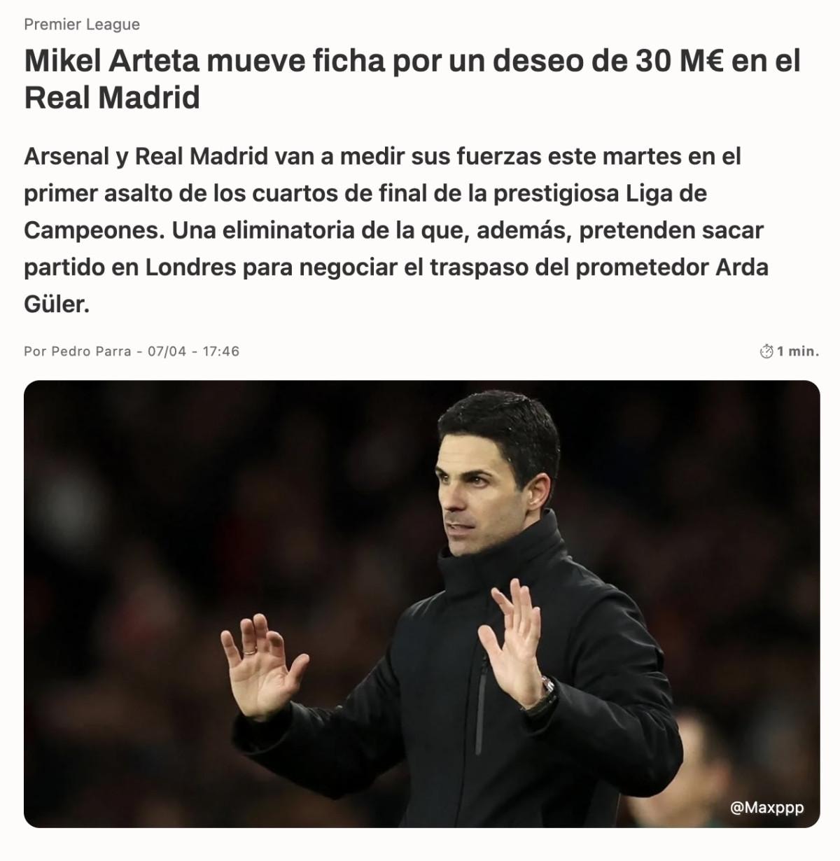 Arsenal Teknik Direktörü Mikel Arteta'nın, Arda'yı yaratıcılığı artıracak bir takviye olarak gördüğü ve Odegaard'ın üstlendiği role benzer bir rol üstlenebileceğini düşündüğü belirtildi.
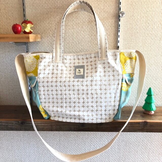 たっぷり収納の2wayマザーズバック(ミズイロ×あじさい)
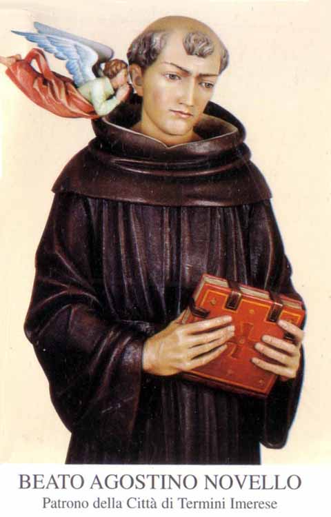 이탈리아 시칠리아(Sicilia) 섬의 타오르미나(Taormina)에서 태어난 마태오(Matthaeus)는 볼로냐(Bologna)에서 수학하여 법학박사 학위를 받고 법률을 가르치는 등 화려한 경력의 소지자였다. 그는 시칠리아의 국왕 만프레드(Manfred)의 수상이 되었으나 베네벤토(Benevento) 전투에서 심한 부상을 입고 정계에서 은퇴하였다. 이때 한 수도자가 만일 하느님께 전적으로 자신을 봉헌한다면 완쾌되리라는 약속을 했는데, 이것이 사실로 나타나자 그는 성 아우구스티누스 은수자회에 평수사로 입회하여 아우구스티누스 노벨로(Augustinus Novello, 또는 아우구스티노 노벨로)라는 수도명을 택했다.
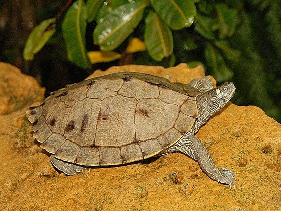 One of the small headed Map Turtles, the Ouachita Map Turtle is found in swift rivers and silt bottomed lakes from Texas and Louisiana north to Ohio and east to Kentucky. Ouachita Maps love to bask, and often pile several turtles high to share the same basking log. With colors from ranging from light gray to deep brown, this very pretty map turtle has many color variations.
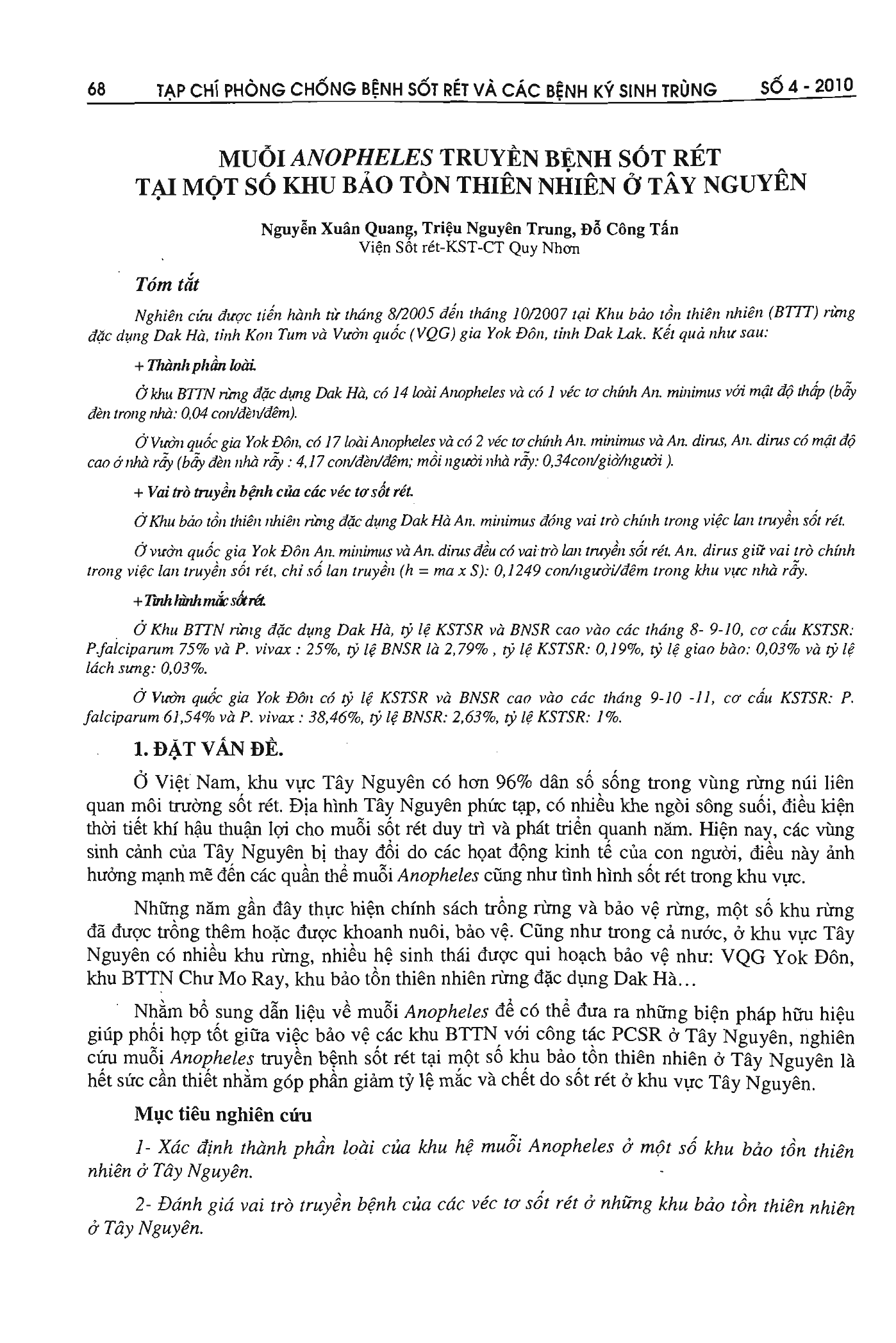 Muỗi Anopheles truyền bệnh sốt rét tại một số khu bảo tồn thiên nhiên ở Tây Nguyên
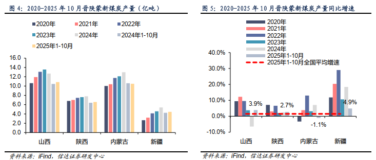 山西省2025年1-10月产量同比增长3.9%,增量贡献最为突出。我们认为,这主要源于2024年同期受安监强化等因素导致产量基数较低,形成了显著的恢复性增长。

···

**What to work on:** Retype exactly, and only, the lines from the one containing "Muỗi Anopheles truyền" through the end of the records above. Pictures stay out of the copy.

**Output for this task:**
 Muỗi Anopheles truyền bệnh sốt rét tại một số khu bảo tồn thiên nhiên ở Tây Nguyên
 山西省2025年1-10月产量同比增长3.9%,增量贡献最为突出。我们认为,这主要源于2024年同期受安监强化等因素导致产量基数较低,形成了显著的恢复性增长。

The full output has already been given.